Model 3: TSADE on Gab + BERTopic on Parler

---

TSDAE = Tranformer-based Denoising AutoEncoder

Unsupervised Trainig Method for SBERT = Sentence Transformers 

https://www.sbert.net/examples/unsupervised_learning/TSDAE/README.html

BERTopic with Custom Embeddings 

https://maartengr.github.io/BERTopic/getting_started/embeddings/embeddings.html#visual-overview


In [None]:
%%capture
!pip install bertopic

In [None]:
%%capture
!pip install joblib==1.1.0

In [None]:
from bertopic import BERTopic 
from umap import UMAP

In [None]:
%%capture
!pip install sentence_transformers 
!pip install utils 

In [None]:
from sentence_transformers import SentenceTransformer, LoggingHandler
from sentence_transformers import models, util, datasets, evaluation, losses
from torch.utils.data import DataLoader

In [None]:
import nltk
nltk.download('punkt')

[nltk_data] Downloading package punkt to /root/nltk_data...
[nltk_data]   Unzipping tokenizers/punkt.zip.


True

In [None]:
# Upload csv files with posts to Google Colab 
# Sample for trainig sentence transformer: gab_train.csv (100.000 posts)
# Sample for topic modelling: parleys_test (~300.000 posts)
from google.colab import files
uploaded = files.upload()

Saving gab_train.csv to gab_train.csv
Saving parleys_test.csv to parleys_test.csv


In [None]:
# Read csv files into pandas dataframes 
import pandas as pd
import io
gab_train = pd.read_csv(io.BytesIO(uploaded['gab_train.csv']))
parleys_test = pd.read_csv(io.BytesIO(uploaded['parleys_test.csv']))

In [None]:
gab_train

Unnamed: 0,body
0,traitor alert lindsey graham revealed secret p...
1,mean let not upset goober
2,dnc obey law dnc worker suing party failing pa...
3,thus reason altright right whole develop psych...
4,sweden police scared good reason yeah jesus de...
...,...
99995,delete duckduckgo messed computer
99996,coming alttech project take note
99997,next news network youtube view edward snowden ...
99998,would rather burn abandoned christian church l...


In [None]:
parleys_test

Unnamed: 0,body
0,glad see parler free speech actually alive wel...
1,not enough year minimum
2,wonder kamalaharris blm think white guy placed...
3,agreed seemed like close race till inner city ...
4,well well abercrombie fitch president canada e...
...,...
309063,politician concerned covering ass not represen...
309064,rent kid hell barack mike rented them
309065,whom biden carry anything especially itcome pe...
309066,pedo fly head never lie


In [None]:
# Transform pandas dataframes to lists with posts 
posts_train = gab_train['body'].tolist()
Parler_posts_test = parleys_test['body'].tolist()

In [None]:
posts_train

In [None]:
Parler_posts_test

TSDAE

In [None]:
# Create the special denoising dataset that adds noise on-the-fly
dataset = datasets.DenoisingAutoEncoderDataset(posts_train)

In [None]:
# DataLoader to batch your data
dataloader = DataLoader(dataset, batch_size=8, shuffle=True, drop_last=True)

In [None]:
# Define your sentence transformer model (SBERT) using CLS pooling
bert = models.Transformer('bert-base-uncased')
bert.get_word_embedding_dimension

pooling = models.Pooling(bert.get_word_embedding_dimension(), 'cls')
pooling 

sentence_model = SentenceTransformer(modules=[bert, pooling])
sentence_model

Downloading:   0%|          | 0.00/570 [00:00<?, ?B/s]
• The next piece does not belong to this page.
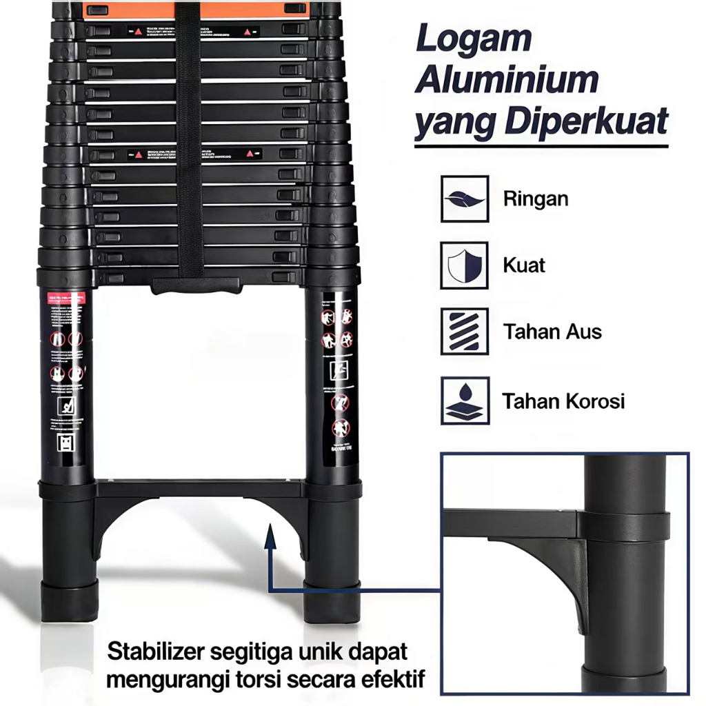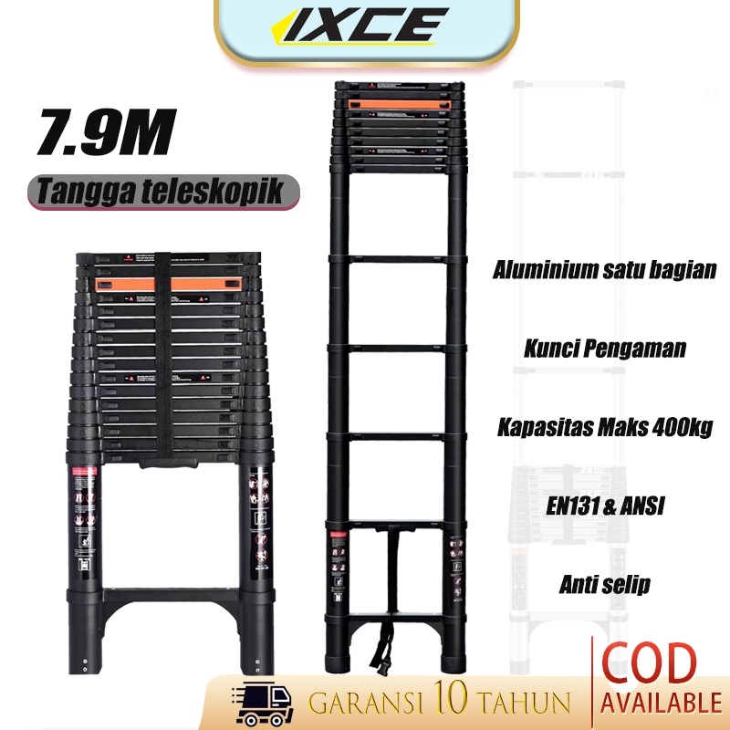 Tangga Teleskopik Aluminium IXCE 5/6.2/7/8m, Kualitas Tinggi, , Anti Karat Hitam/

Downloading:   0%|          | 0.00/440M [00:00<?, ?B/s]

Some weights of the model checkpoint at bert-base-uncased were not used when initializing BertModel: ['cls.predictions.bias', 'cls.predictions.transform.dense.weight', 'cls.seq_relationship.bias', 'cls.predictions.transform.dense.bias', 'cls.seq_relationship.weight', 'cls.predictions.transform.LayerNorm.weight', 'cls.predictions.transform.LayerNorm.bias', 'cls.predictions.decoder.weight']
- This IS expected if you are initializing BertModel from the checkpoint of a model trained on another task or with another architecture (e.g. initializing a BertForSequenceClassification model from a BertForPreTraining model).
- This IS NOT expected if you are initializing BertModel from the checkpoint of a model that you expect to be exactly identical (initializing a BertForSequenceClassification model from a BertForSequenceClassification model).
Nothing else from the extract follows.